Renaissance creations witness a spiritual
decline in the mindset of the people and a certain liberation of the dogmatic
views on art imposed by the Church. This social climate was sparked by the rich
patron families who injected a bit of secular freedom in the life dominated by
religion. This resulted in embracing new subjects and approaches in art both by
artists and by patrons. They were driven by new humanist ideals that placed the
center of attention on the individual and valued a person-centered view of the
world. Art gradually started to focus more on depicting the bourgeois city life
and its details and became a status symbol for the wealthy elite.
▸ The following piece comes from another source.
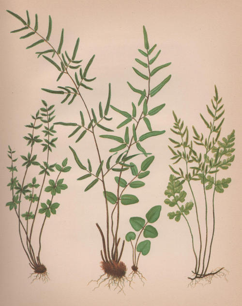 The fronds are developed late in the Spring, and remain green through the next Winter. They are almost coriaceous in texture, smooth and dark-bluish-green above, paler, and sometimes slightly chaffy beneath. They are from a few inches to about a foot in length, and vary in outline from ovate to oblong-lanceolate. In seedling plants the earliest fronds are round-cordate, the next cordate-ovate, and then follow trifoliate, pinnate, and finally mature bipinnate fronds. The largest fronds have about five pairs of compound pinnæ, each with from three to eleven pinnules, and above these are from four to six pairs of simple pinnæ, besides the terminal one, which is often the longest of all.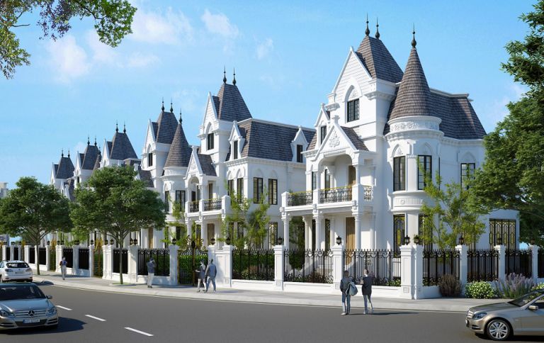 Biệt thự liền kề, biệt thự song lập mang phong cách kiến trúc tân cổ điển Pháp, là sự kết hợp hoàn hảo giữa thẩm mỹ nghệ thuật tinh tế và giá trị sử dụng ưu việt, nhờ những đường nét hoa văn được thiết kế đăng đối, chi tiết thống nhất theo một chuẩn mực vốn có, mà những công trình kiến trúc Pháp từ xưa đến nay chưa bao giờ trở nên lỗi thời và ngày một khằng định vị trí trong lòng những người say đắm kiến trúc Pháp. Phong cách thiết kế kiến trúc đăng đối, nối tiếp nhau trên diện tích 140- 207m2 cho biệt thự liền kề và 305m2 cho biệt thự song lập đối xứng nhau, phù hợp cho gia đình hai đến ba thế hệ cùng chung sống và tận hưởng cuộc sổng đẳng cấp riêng tư. Với chiếu cao 5 tầng, 1 tầng hầm, 3 tầng nổi, 1 tấng mái, trải dài các con phố, cùng với mặt tiền thông thoáng nổi bật với tông màu trắng nhẹ nhàng trang nhã, thanh tao xen kẽ là hệ thống cửa kính hoa văn lấy sáng, cùng hệ mái đá Mansard đen ghi cổ điển trên một tổng thể thống nhất, tái hiện lại bức tranh khu phố sinh động cổ điển của nước Pháp hoa lệ, mà không kém phần sang trọng, đẳng cấp. Đặc biệt hơn, với lợi thế, 2 mặt thoáng đối với biệt thự liền kề và 3 mặt thoáng đối với biệt thự song lập, đảm bảo không gian thoáng rộng, đủ cho các gia chủ có được tầm nhìn tuyệt mỹ, từ những ô cửa kính và ban công thoáng đãng, đến không gian mở giao hòa với thiên nhiên, tạo nên một không gian sống mới mẻ, hòa mình với thiên nhiên.

These secular priorities are especially
noticeable in the context of marriage, where art served an important function
of marking the matrimonial ritual. In this period, the act of marriage was
quite informal and ununiformed – it did not bare any legal consistency, it
based solely on mutual consent of the families, and it could take place in
virtually any location, from the public square, wood shop, to a garden or a stable.
The fluidity of the institution of marriage rendered public manifestations of
it and material objects (artwork) that followed very important as they provided
the physical demonstration of the legitimacy of the union. This was
exceptionally significant among the wealthy families, however, it was present
in all social levels.

When it comes to love, Renaissance marriage
had little to do with it. Love and marriage were considered as two important
parts of life, yet very different. The idea of romantic love was associated
with courtship, while marriage was a matter of practicality and politics, a
bond not just between two people, but their families and fortunes as well. Hence,
husbands and wives usually had relationships based more on companionship
instead of passion and emotional devotion. However, artistic representations of
pure and perfect unions secured public approval and represented affection even
if it was not present, or not yet developed, as was the case with arranged
marriages. In this context, as the quintessential piece of art, comes forth the
“marriage portrait” – visual symbol of a harmonious bond of two individuals,
usually facing each other in profile, in front of the lands their union
combines.

Many of these portraits are portraying the time of the
actual marriage ceremony. An example of this can be seen in Lorenzo Lotto’s Portrait of Mister Marsilio Cassotti and His
Wife Faustina. Lotto, a genius and inventive artist, was leading in the
Renaissance in his expression of feelings and state of marriage between the
couples. In his usage of double portraits, unusual at the time and for this
purpose, he was able to not only allude to the sitters’ sentiments, but also express
complex ideas by including symbolic elements. This painting is a classic
example. It shows Mister Cassotti gently taking his bride’s hand to place a
wedding ring on her finger, as a hovering Cupid joins them together by laying a
yoke on their shoulders, as a symbol of their newly created bond. Laid over
their shoulders, laurel leaves allude to chastity, virtue and fidelity, but
also the victory of marriage.

Lotto’s virtuosity in depicting his sitters’ sentiments and
relationship is also evident in his Portrait
of a Married Couple, identified as Antonio Agliardi and Apollonia Cassotti.
There has been plenty of academic debate regarding the symbolism of this piece,
particularly the interpretation of the crouching squirrel and the writing on
the paper held by the man. According to Pliny the Elder’s Naturalis Historia,
squirrel is an animal able to foresee storms; also, its voluminous tail serves
it as a shelter. Therefore, in this scene, intensified by the landscape in the
background showing cloudy skies and trees bending in the wind, the squirrel
could be interpreted as a vow that the man will protect his wife and family
whatever storms come1.

Diana Wronski Galis read the inscription on the paper as
“homo num quam”, meaning “man never”, as a part of the speech given by the
priest at the marriage ceremony. He interprets it as an allusion to the
fidelity in marriage, which is reinforced by the presence of the dog, a typical
symbol of loyalty.

Although the exact meaning of the symbols in this portrait
still remain uncertain, Lotto has nevertheless created a moving image
expressing marriage harmony, duty, faithfulness and support among the partners,
for whatever comes.

These two pieces by Lorenzo Lotto truly epitomize the
essence of marital love in two different stages. The first portrait he managed
to capture the optimism of a new, young couple, before putting their love to
test, while the pair in the second painting seems as if they have already
surpassed the difficulties of life and now they are approving their companionship.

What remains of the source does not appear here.